** Instructions to follow **
All of the lines below are to be transcribed faithfully, with pictures excluded from the copy.

--- START ---

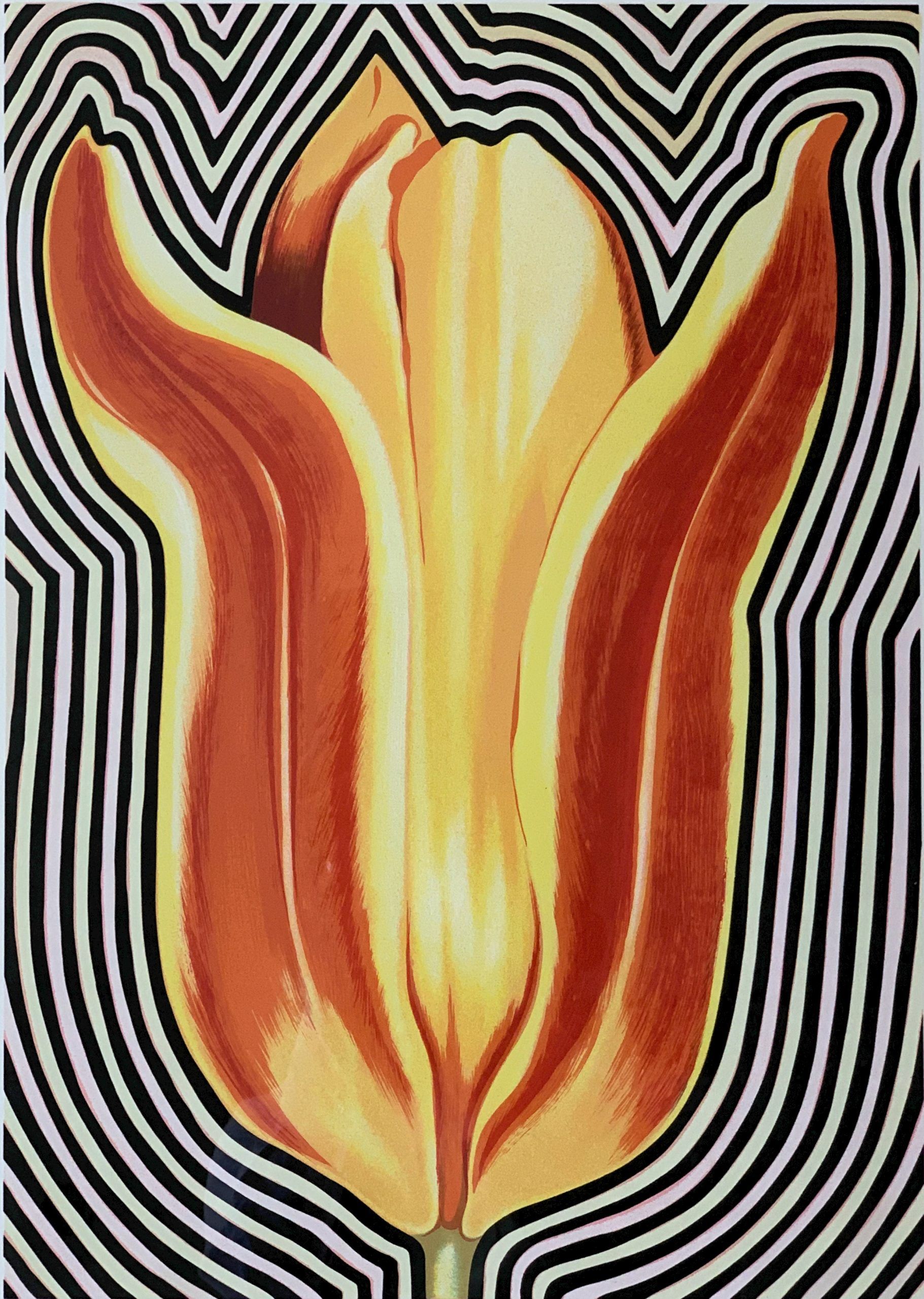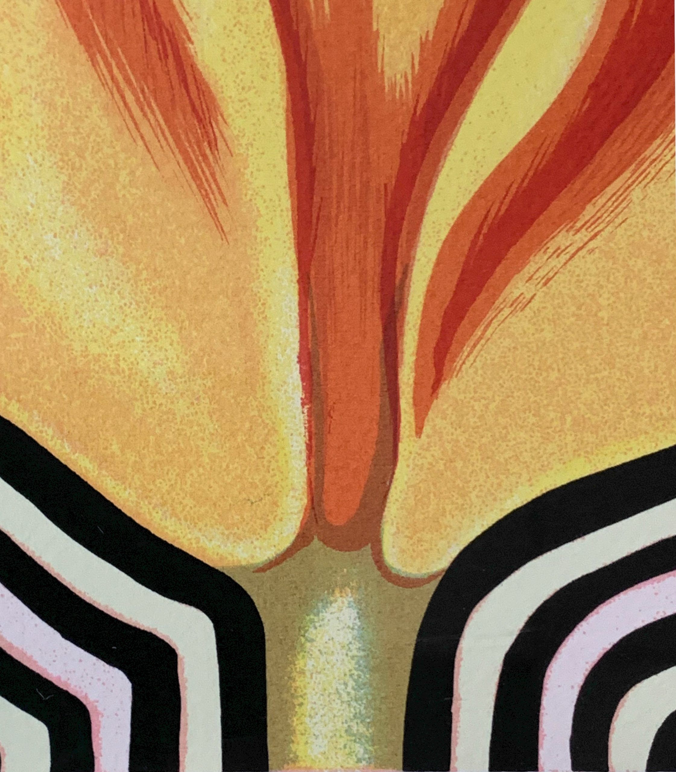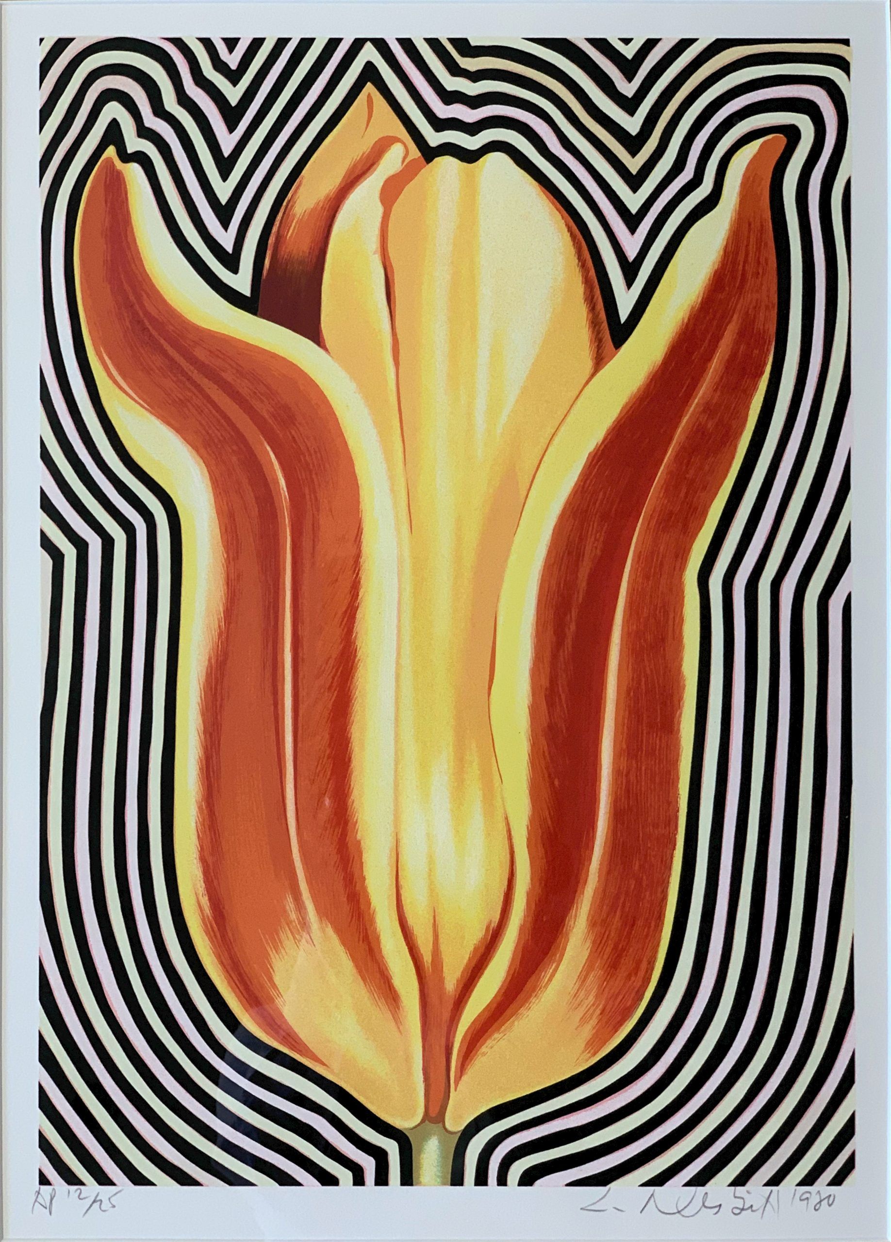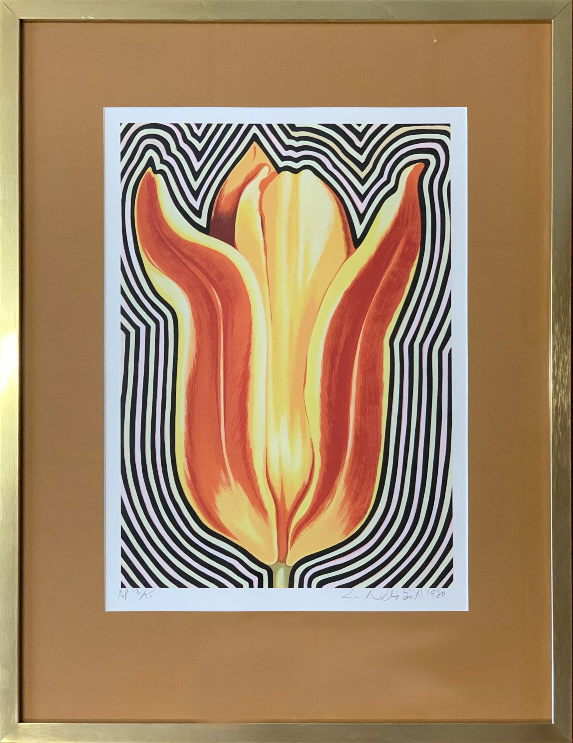The Iris, the Tulip, and the Lily are the three flower images with which I work from all directions.  Specifically, the so-called “Electric Flower Series” began in 1973, first in drypoint prints, then in my paintings and drawings.  I have always been interested in the geometric structure of the flower and in this case, its ability to throw out musical or electric reverberations.
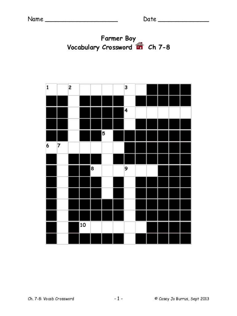 Print Use your Browser Back to Return to Previous PageName ___Date ___Farmer Boy Vocabulary Crossword12Ch 78345 678910Ch. 78: Vocab Crossword1 Casey Jo Burrus, Sept 2013Name ___Date ___Farmer Boy
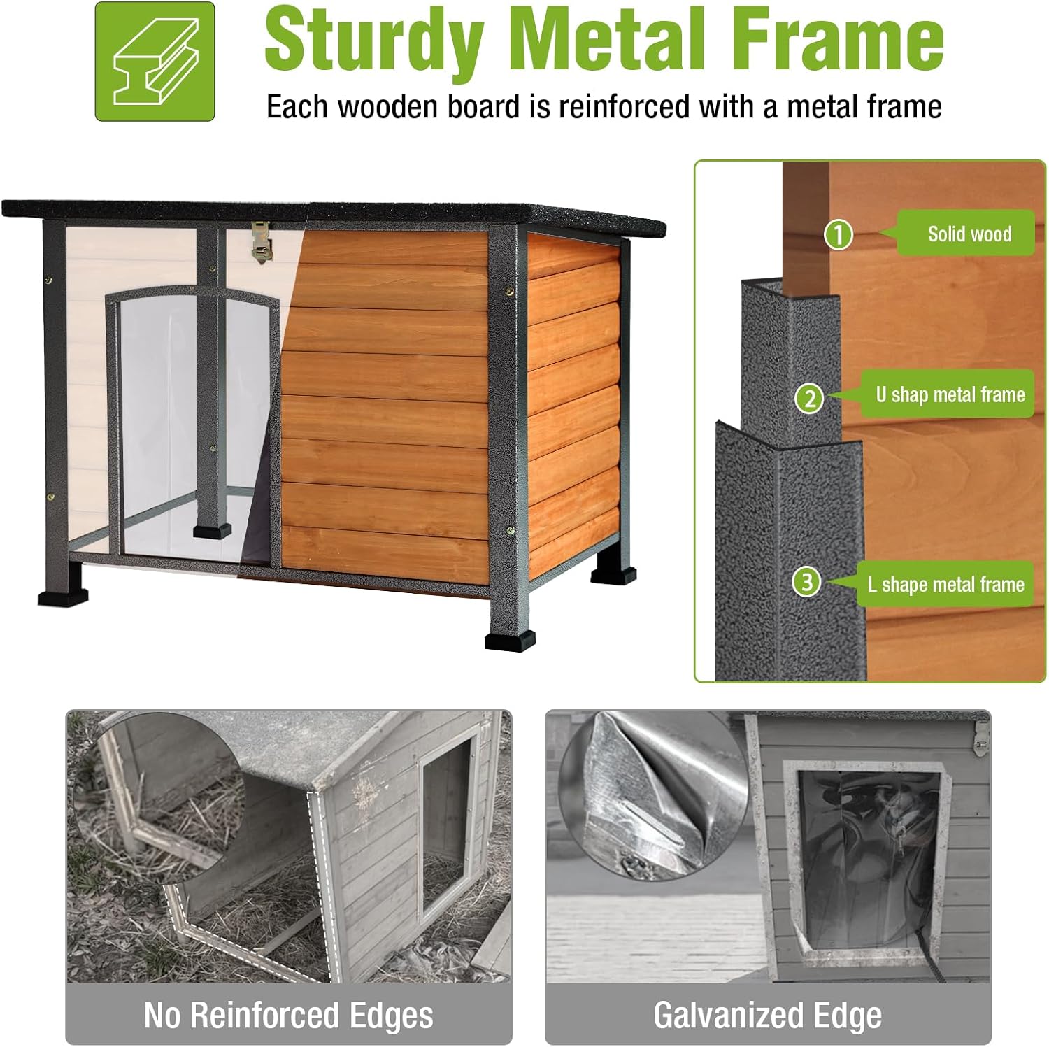 • Indestructible Metal Frame: Reinforced with a sturdy iron frame, making the dog house exceptionally durable and preventing pets from chewing through
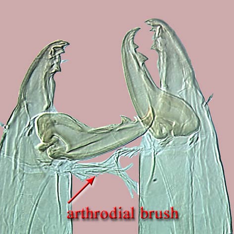 usually present in all stages. Chelicerae various; movable digit without excrescences except in Microgyniina, but arthrodial coronaarthrodial corona:
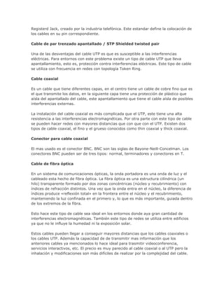 Este documento describe los diferentes tipos de cables utilizados para conectar dispositivos en una red, incluyendo cable de par trenzado sin apantallar (UTP), cable de par trenzado apantallado (STP), cable coaxial y cable de fibra óptica. También menciona redes inalámbricas y especifica los conectores y colores estándar para cada tipo de cable.
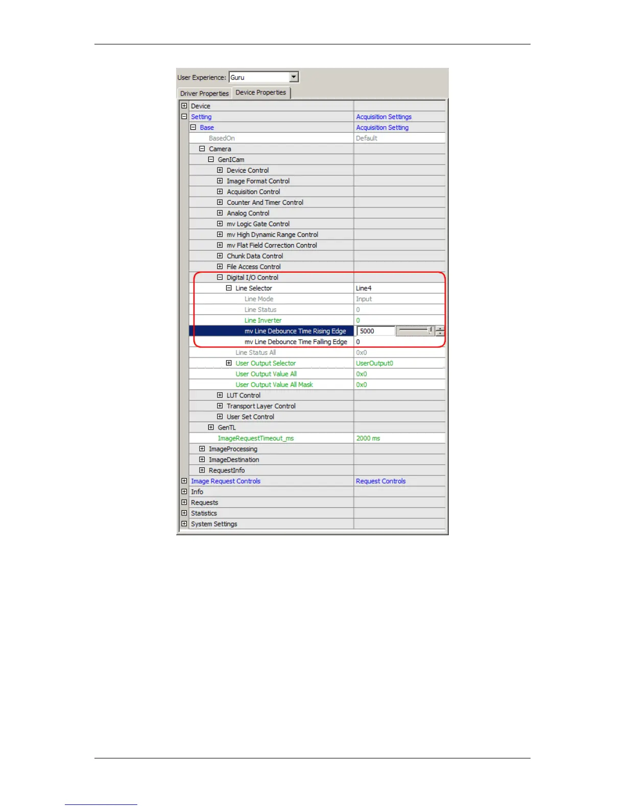 property to configure the debouncing time for falling edge trigger signals (mvLineDebounceTimeFallingEdge) and

--- END ---

** Reply **
The Iris, the Tulip, and the Lily are the three flower images with which I work from all directions.  Specifically, the so-called “Electric Flower Series” began in 1973, first in drypoint prints, then in my paintings and drawings.  I have always been interested in the geometric structure of the flower and in this case, its ability to throw out musical or electric reverberations.
 Print Use your Browser Back to Return to Previous PageName ___Date ___Farmer Boy Vocabulary Crossword12Ch 78345 678910Ch. 78: Vocab Crossword1 Casey Jo Burrus, Sept 2013Name ___Date ___Farmer Boy
 • Indestructible Metal Frame: Reinforced with a sturdy iron frame, making the dog house exceptionally durable and preventing pets from chewing through
 usually present in all stages. Chelicerae various; movable digit without excrescences except in Microgyniina, but arthrodial coronaarthrodial corona:
 Este documento describe los diferentes tipos de cables utilizados para conectar dispositivos en una red, incluyendo cable de par trenzado sin apantallar (UTP), cable de par trenzado apantallado (STP), cable coaxial y cable de fibra óptica. También menciona redes inalámbricas y especifica los conectores y colores estándar para cada tipo de cable.
 property to configure the debouncing time for falling edge trigger signals (mvLineDebounceTimeFallingEdge) and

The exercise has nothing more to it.